> **Exercise objective**: Could you repeat the entries below exactly, but only from the line with "后面进行的是晚会节目现场评选" through the line with "Multipurpose light alloy", and without any picture?

> **Records provided**:
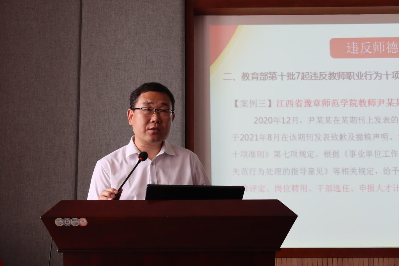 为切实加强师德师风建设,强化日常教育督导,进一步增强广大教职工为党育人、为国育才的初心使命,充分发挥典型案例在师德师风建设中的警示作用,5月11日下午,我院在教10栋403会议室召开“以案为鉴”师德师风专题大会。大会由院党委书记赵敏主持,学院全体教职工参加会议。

--

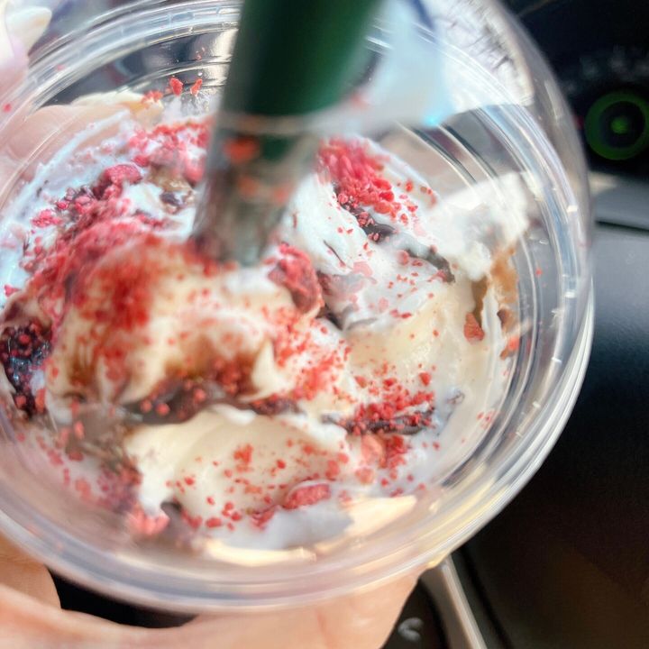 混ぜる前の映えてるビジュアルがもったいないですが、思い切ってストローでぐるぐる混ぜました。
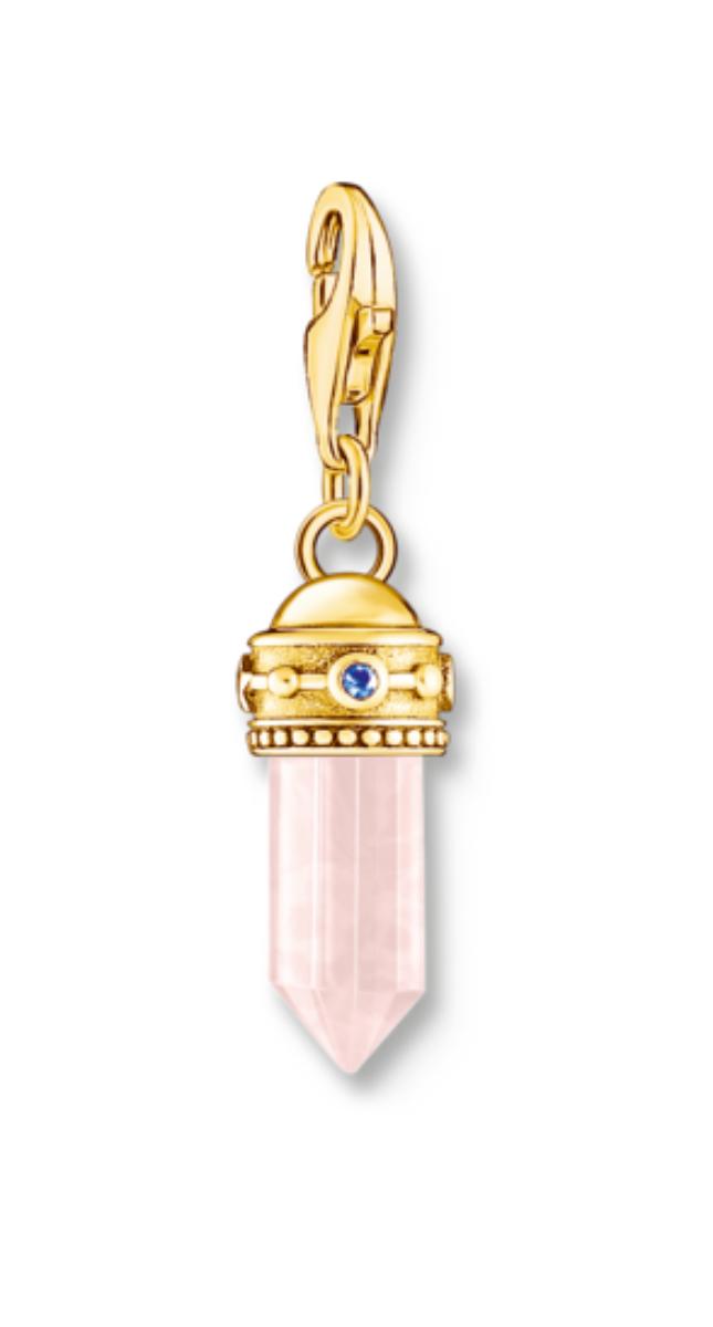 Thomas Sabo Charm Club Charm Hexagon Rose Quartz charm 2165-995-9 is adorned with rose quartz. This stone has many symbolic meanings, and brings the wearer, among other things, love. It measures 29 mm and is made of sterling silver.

---

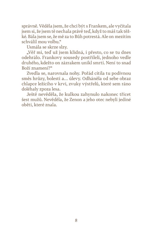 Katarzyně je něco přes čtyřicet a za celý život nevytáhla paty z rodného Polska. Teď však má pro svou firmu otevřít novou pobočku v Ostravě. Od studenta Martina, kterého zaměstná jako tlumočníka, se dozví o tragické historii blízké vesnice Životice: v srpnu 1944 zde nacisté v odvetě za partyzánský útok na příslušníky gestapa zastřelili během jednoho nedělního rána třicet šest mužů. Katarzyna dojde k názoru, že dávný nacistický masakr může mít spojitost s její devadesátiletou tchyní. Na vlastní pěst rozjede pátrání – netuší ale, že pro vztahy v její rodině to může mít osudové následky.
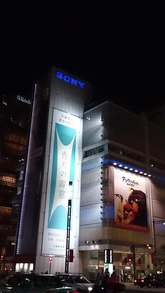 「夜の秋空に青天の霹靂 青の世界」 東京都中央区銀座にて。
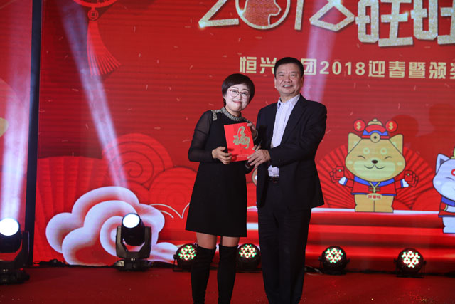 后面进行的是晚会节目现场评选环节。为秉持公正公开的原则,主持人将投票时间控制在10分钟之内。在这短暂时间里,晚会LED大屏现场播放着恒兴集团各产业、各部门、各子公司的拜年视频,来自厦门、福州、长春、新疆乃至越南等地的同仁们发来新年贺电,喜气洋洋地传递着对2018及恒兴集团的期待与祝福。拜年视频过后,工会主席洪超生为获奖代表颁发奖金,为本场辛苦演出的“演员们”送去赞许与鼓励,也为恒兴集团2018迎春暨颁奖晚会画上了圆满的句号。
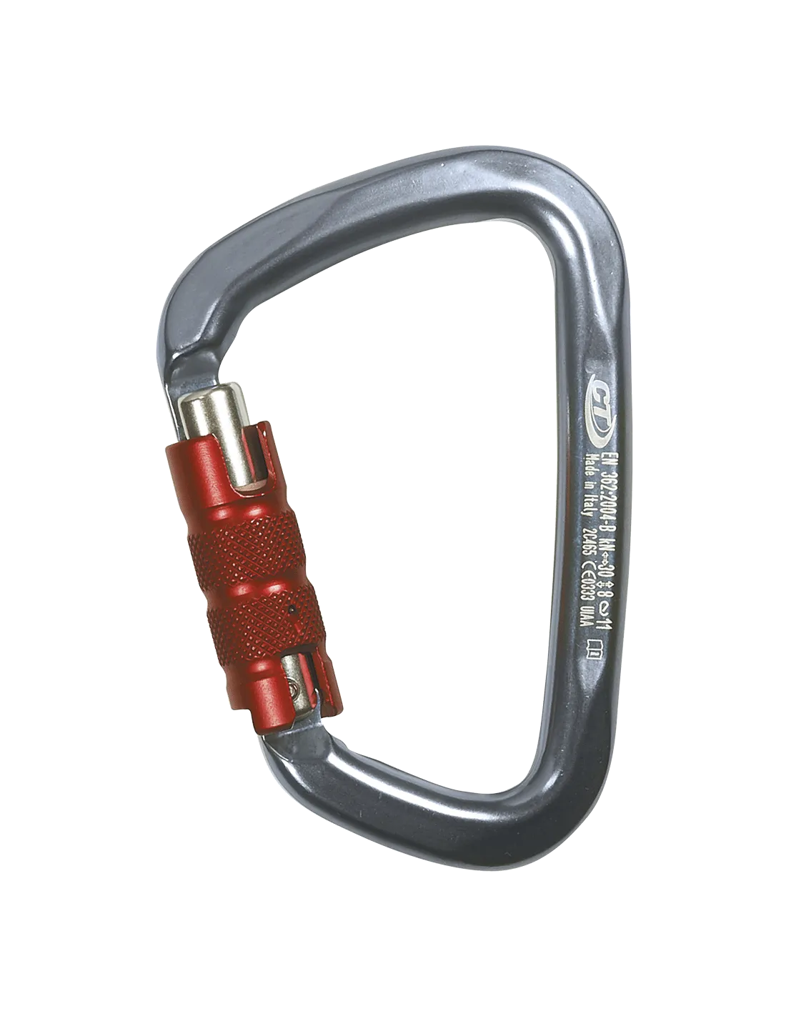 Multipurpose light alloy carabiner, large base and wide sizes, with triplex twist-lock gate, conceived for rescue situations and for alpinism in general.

> **Solution below**:
 后面进行的是晚会节目现场评选环节。为秉持公正公开的原则,主持人将投票时间控制在10分钟之内。在这短暂时间里,晚会LED大屏现场播放着恒兴集团各产业、各部门、各子公司的拜年视频,来自厦门、福州、长春、新疆乃至越南等地的同仁们发来新年贺电,喜气洋洋地传递着对2018及恒兴集团的期待与祝福。拜年视频过后,工会主席洪超生为获奖代表颁发奖金,为本场辛苦演出的“演员们”送去赞许与鼓励,也为恒兴集团2018迎春暨颁奖晚会画上了圆满的句号。
 Multipurpose light alloy carabiner, large base and wide sizes, with triplex twist-lock gate, conceived for rescue situations and for alpinism in general.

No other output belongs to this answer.